I swore I'd never force religion on my kids like it was on me, and I didn't. 

I've researched all the different types of belief systems out of curiosity and I was a 'Celtic Pagan' for years.  Then I explored Buddhism.  I am unlabeled but I do lean toward Zen Buddhism and try to practice it.  I'm not really an atheist but I think many of us believe in a higher power as it's comforting.  It's nice to think of our deceased loved ones as being in some lovely heaven looking down on us.


----------



## hollydolly (Feb 10, 2015)

Not in _my_ family ralphy...


----------



## Ameriscot (Feb 10, 2015)

hollydolly said:


> Not in _my_ family ralphy...



Or mine.


----------



## Bee (Feb 10, 2015)

My mother was a Wesleyan Methodist and married my father a Scottish Presbyterian in a Church of England Church, 2 brothers were baptised Wesleyan Methodist another brother and myself were baptised in the Church of England.............religion was never spoken about in our family home and we had free choice as to whether we went to Sunday school or not.


----------



## Ralphy1 (Feb 10, 2015)

Well, of course not, you were heathens.  So, I should have said that if a wife was following a traditional religion...


----------



## Ameriscot (Feb 10, 2015)

Ralphy1 said:


> Well, of course not, you were heathens.  So, I should have said that if a wife was following a traditional religion...

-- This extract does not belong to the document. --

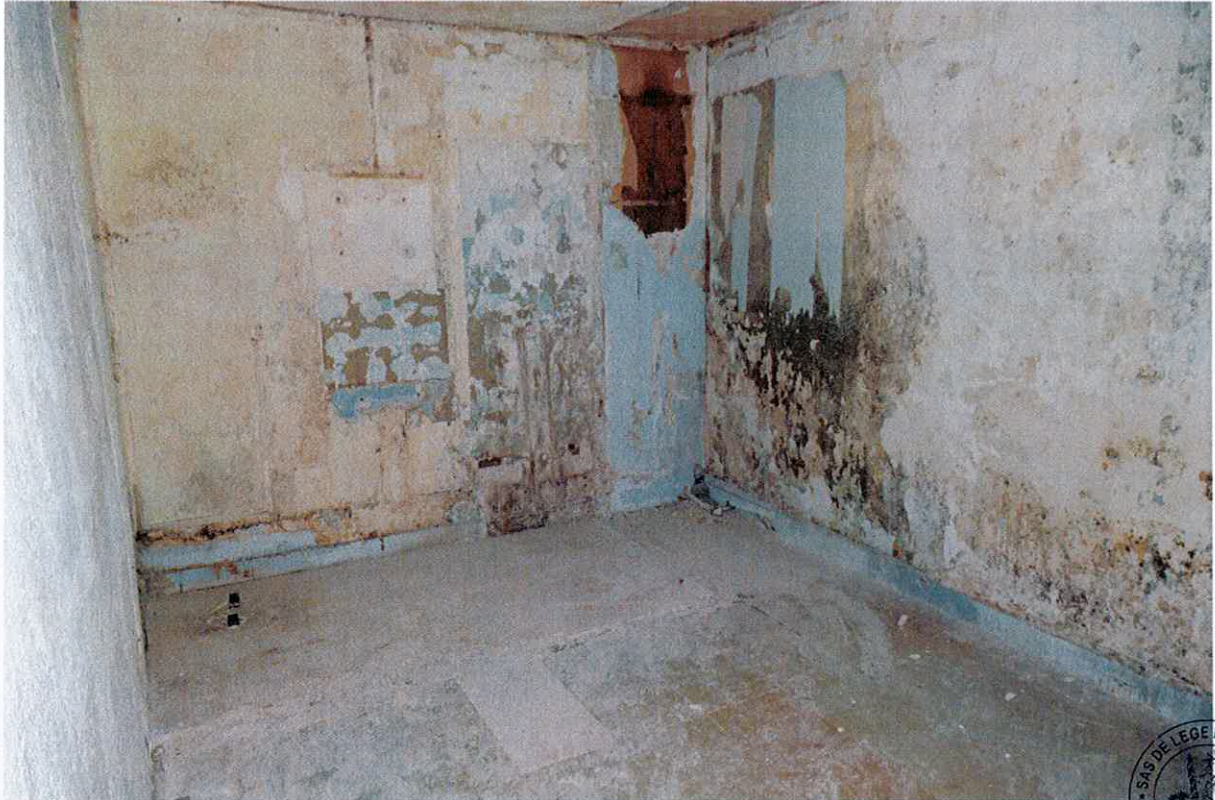
15 Pièce 2
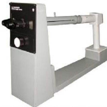
Рисунок 1. Общий вид поляриметра кругового СМ-3

Фотография общего вида поляриметра представлена на рис. 1. Схема пломбировки поляриметра от несанкционированного доступа изображена на рис. 2.

My mother was raised methodist.  

Heathen is misused by christians, Ralphy.  It's actually one who is polytheistic.


----------



## Ralphy1 (Feb 10, 2015)

You are definitely a heathen by telling us of your religious (lack of) journey you fit the definition perfectly...


----------



## Ameriscot (Feb 10, 2015)

Ralphy1 said:


> You are definitely a heathen by telling us of your religious (lack of) journey you fit the definition perfectly...

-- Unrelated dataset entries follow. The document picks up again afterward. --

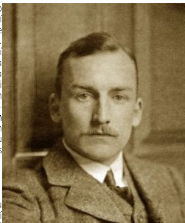
John Frederick Charles „Boney“ Fuller (1 . 9. 1878 - 10. 2. 1966)

Roku 1897 začal Fuller studovat na Royal Military College a následujícího roku byl odeslán do posádkové služby v Irsku. I když měl rád šerm i střelbu, nepřilnul mladý voják k společenské zábavě důstojnických kruhů. Zatímco jeho spolužáci vyjížděli na lov se psy, Fuller v samotě své studovny četl – ze všech věcí – zrovna filozofii. Jeden z jeho spolužáků poznamenal, že Fullerova konverzační zdatnost a kousavý smysl pro humor často „vyvolával v kantýně naprostý zmatek a nechápavé pohledy.“ Už od samého počátku tak byl, jak sám řekl, „tím nejnetradičnějším vojákem.“
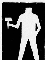
Konfessionelle und gelbe Verbände

Die zweite Darstellung bezieht sich auf die Mitglieder der V. S. A. ( 2\frac{1}{2} ) und auf den Förderativverband ( \frac{1}{2} ).
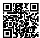
상세기술 데이터: ifm.com/fs/EIO344
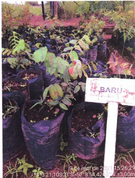
Figura 3 – Mudas de Anguquinho e Barú produzidas em 2020.
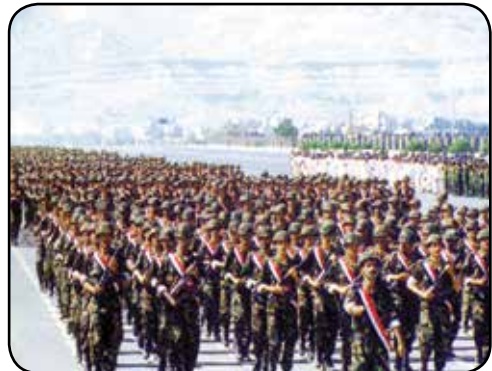
صورة للجيش وبعض الأسلحة الثقيلة
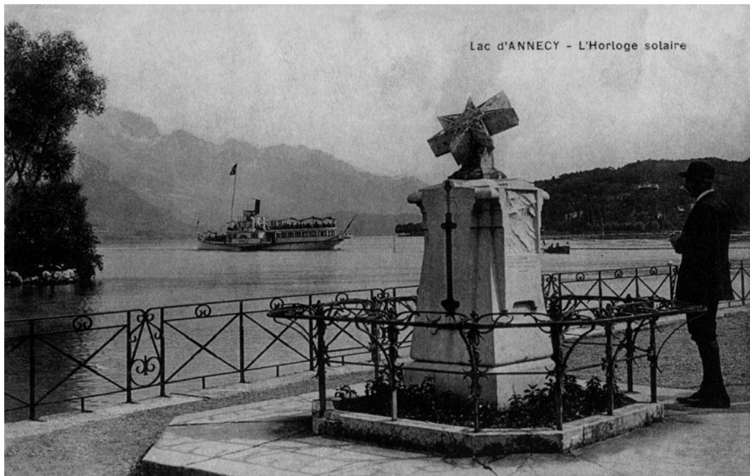
Lac d'ANNECY - L'Horloge solaire
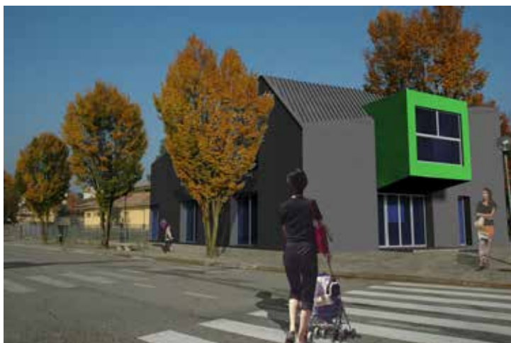
Rendering della nuova struttura, colori indicativi

Sarà quindi un edificio che mira a soddisfare i bisogni emersi in questi anni dalla collettività e dal mondo associativo, ossia un luogo dove potersi incontrare nel tempo libero per organizzare e programmare attività, uno spazio che favorisca momenti di confronto e permetta di promuovere serate culturali o formative, oltre ad un'opportunità per la scuola a supporto delle attività didattiche. Tutto sarà normato da un dettagliato regolamento, affinché chiunque ne faccia richiesta possa accedere e trarne beneficio. Inizia pian piano a prendere forma l'idea di vedere "Piazza Mercato" come il luogo che richiama la vita cittadina, consentendoci di apprezzare e riappropriarci di un paesaggio incantevole.
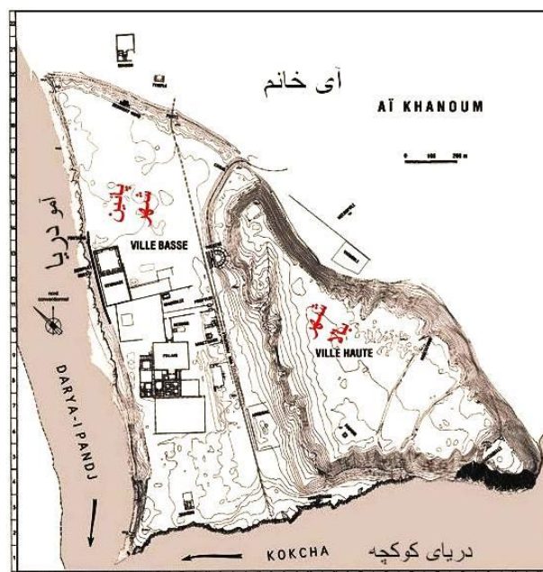
نقشه شهر آی خانم

در اثر تحقیقاتی که در آی خانم صورت گرفت، عده از باستانشناسان فرانسوی به این نظر رسیدند که این شهر باید چندی بعد از مرگ اسکندر در کنار رود آمو و دریای کوچک در قرن سوم ق.م. اعمار گردیده باشد. ازینرو اسکندریه ای نیست که همه فکرمیکردند در جوار رود آمو به امر وی اعمار گردیده، اما برخی از دانشمندان این نظر را رد نموده و پس از مطالعه اسناد تاریخی کهن به این نتیجه رسیدند که این شهر تاریخی همان اسکندریه ایست که اسکندر در قرن چهارم ق.م اساس آنرا گزارده، در قرن سوم ق.م انتاکیوس پسر سلوکیوس جنرال اسکندر در آن تعمیراتی نموده و در قرن دوم ق.م اکروتیدیس Eucratides شاه یونان باختری آنرا به شهر آبادانی تبدیل نموده که بنام وی بنام شهر اکراتیه Eucratideia اکراتیدیا یاد گردیده. شهر اکراتیه به تلفظ شرقی و اکراتیدیا به تلفظ یونانی که امروز بنام محلی آن «آی خانم» در زبان ازبکی بمعنی مه بانو مشهور است، بشکل مثلث گونه ای در میان رود زرافشان کوچک و دریای پنج دربخش شرقی آمو دریا قرار دارد و بگمان اغلب شهر تجارتهی مهمی در میان ایالات غربی چین و شهر زریاسپه یا بلخ در سرزمین باختر بوده است.

Lack of?  Paganism is polytheistic and is certainly a religion.  Buddhism is not a religion, it's a philosophy.


----------



## Ralphy1 (Feb 10, 2015)

You might think about repenting while you can and getting good with the Christian God.  Come to think of it, maybe I should, too, as my days run out...


----------



## QuickSilver (Feb 10, 2015)

I was born into the Lutheran faith... Missouri synod..   It was forced on me from the age of 4 until 18 when I married a Baptist.  I didn't follow his religion... neither did he I might add.    In later years I tried another denomination of Lutheran. (American Lutheran)....  then Methodist.... I toyed with Universal Unitarian..  Now I do not practice a particular denomination.   My agnosticism always gets in the way.


----------



## Ameriscot (Feb 10, 2015)

Ralphy1 said:


> You might think about repenting while you can and getting good with the Christian God.  Come to think of it, maybe I should, too, as my days run out...

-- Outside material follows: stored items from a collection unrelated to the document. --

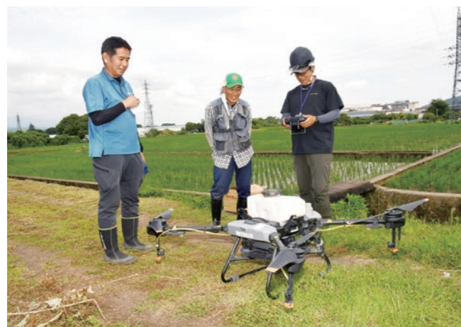
▲JA職員と提携事業者からドローンの説明を受ける生産者

富士宮営農経済センターと富士宮市では、本年度からスマート農業の活用にかかる費用の一部を助成(補助)する富士宮地区独自事業を始めました。
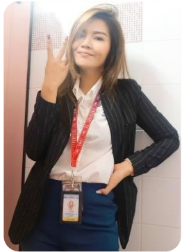
วิทยากรพิเศษ

(ชีวิตการทำงานเพื่อให้เกิดแรงบันดาลใจ และตระหนักถึงบทบาทหน้าที่ของตนเองที่จะก้าวสู่การเป็นวิศวกรที่ดีในอนาคต)
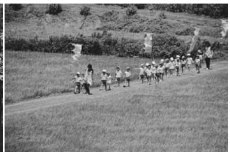
優秀賞 『みんなで歩こう』 柳瀬光子
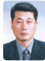
재무 이 제 희 L
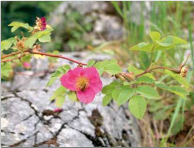
Abb. 11: Hängefruchtrose ( Rosa pendulina ). Natürliches Verbreitungsgebiet in den Kalkalpen und in der Böhmisches Masse, fehlt im Alpenvorland.
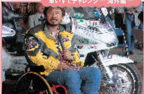
車いすでチャレンジ—海外編—
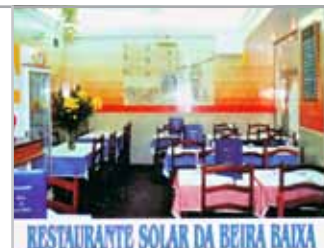
RESTAURANTE SOLAR DA BEIRA BAIXA
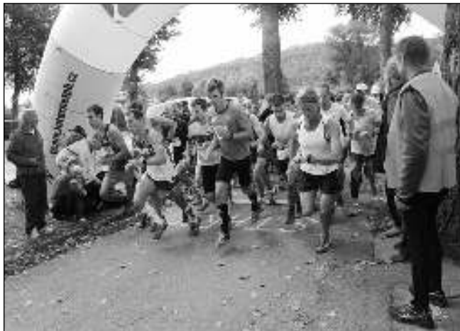
VPŘED. Start hlavního závodu.
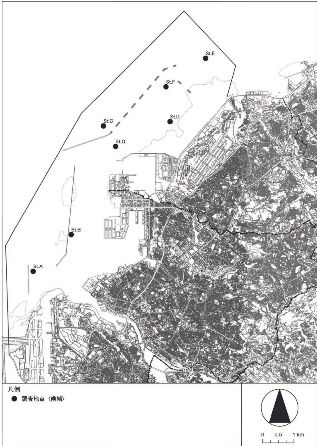
潮流調査 調査地点(案)
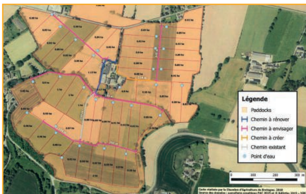
Fig. 2. Exemple d'aménagement du parcellaire en élevage laitier

Aide de 25 % à 35 % sur un plafond d'investissements éligibles de 15 000 €.
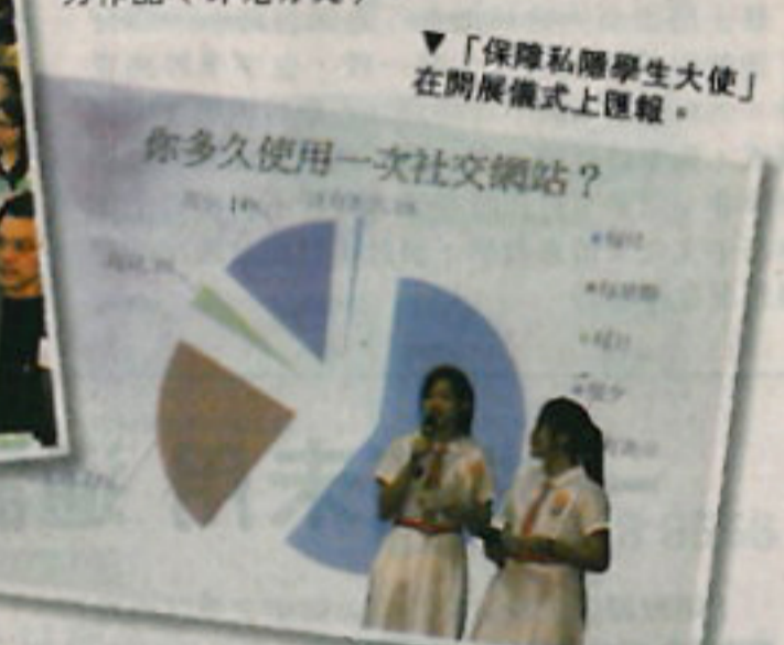
▼「保障私隱學生大使」在開展儀式上匯報。
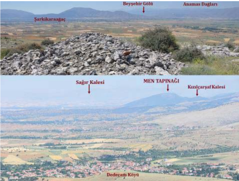
Resim 13: Büyükören Kalesinden Men Tapınağı ve Diğer Kaleler (Pisidia Survey Arşivi)
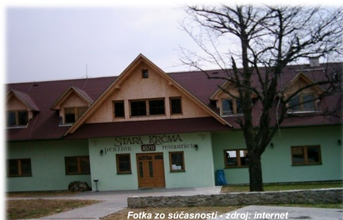
Fotka zo súčasnosti

Na základe informácií z internetu spracovala Bc. Miroslava Podhorová
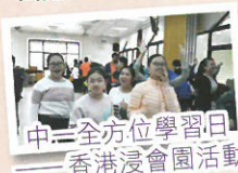
中二全方位學習日 ——香港浸會園活動

課外活動組籌劃「全方位學習日」，讓學生延伸課堂所學，擴闊視野，豐富生活體驗。例如中一級浸會園活動建立互助合作精神；中二級透過海洋公園幕後之旅認識職場實況；中三學生透過生涯規劃活動認識未來路向。中四級的赤柱正灘活動和中五級的清水灣郊野公園活動，讓學生透過多元化活動認識友儕，增進友誼。
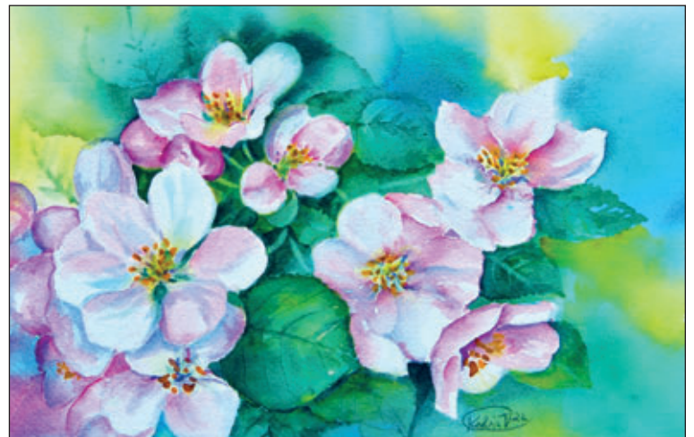
Apfelblüten 20 x 30 cm
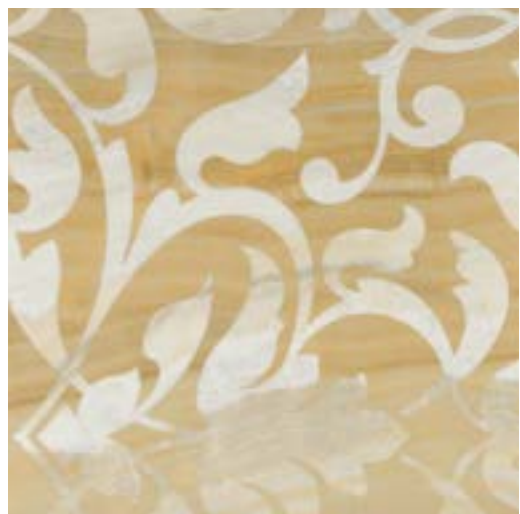
Broccato Agata-Alabastro 60x60 - 24"x24" 6 soggetti assortiti
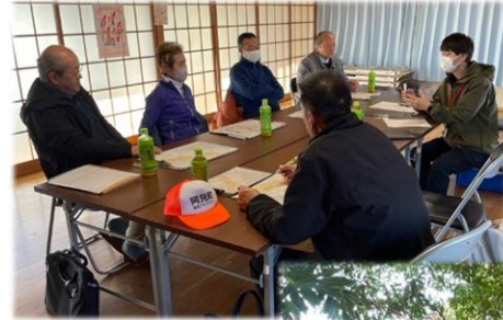
【写真左】 防災まち歩き前の 打ち合わせの様子

令和8年3月21日(土)、中根区公会堂において開催された役員会で、防災まち歩きの結果を反映した防災マップ及び地区防災計画(案)を確認するとともに、地域の危険箇所などについて説明を行い、地区防災計画(案)の内容について協議しました。その後、役員間で共通理解を図りながら地域の実情を踏まえた地区防災計画を策定し、その内容をまとめた地区防災計画及び防災マップを中根地区内の全世帯へ配布し、地区内での情報共有を図りました。

Uh huh. Whatever.  layful:


----------



## Ralphy1 (Feb 10, 2015)

Who would have thunk it, this forum is weighted down with heathens...


----------



## Ameriscot (Feb 10, 2015)

Ralphy1 said:


> Who would have thunk it, this forum is weighted down with heathens...



and you don't like heathens becuzzzzz?


----------



## Ralphy1 (Feb 10, 2015)

I was a was born a Protestant, became an agnostic, moved on to be an agnostic, then a pantheist/hedonist (mostly the latter these days) but may have a deathbed conversion just to play it safe, and I recommend the same for all of you, my fellow heathens...


----------



## hollydolly (Feb 10, 2015)

LOL....you make I lafff Ralphy...... :lofl: probably that's a heathen trait...


----------



## Ameriscot (Feb 10, 2015)

Ralphy1 said:


> I was a was born a Protestant, became an agnostic, moved on to be an agnostic, then a pantheist/hedonist (mostly the latter these days) but may have a deathbed conversion just to play it safe, and I recommend the same for all of you, my fellow heathens...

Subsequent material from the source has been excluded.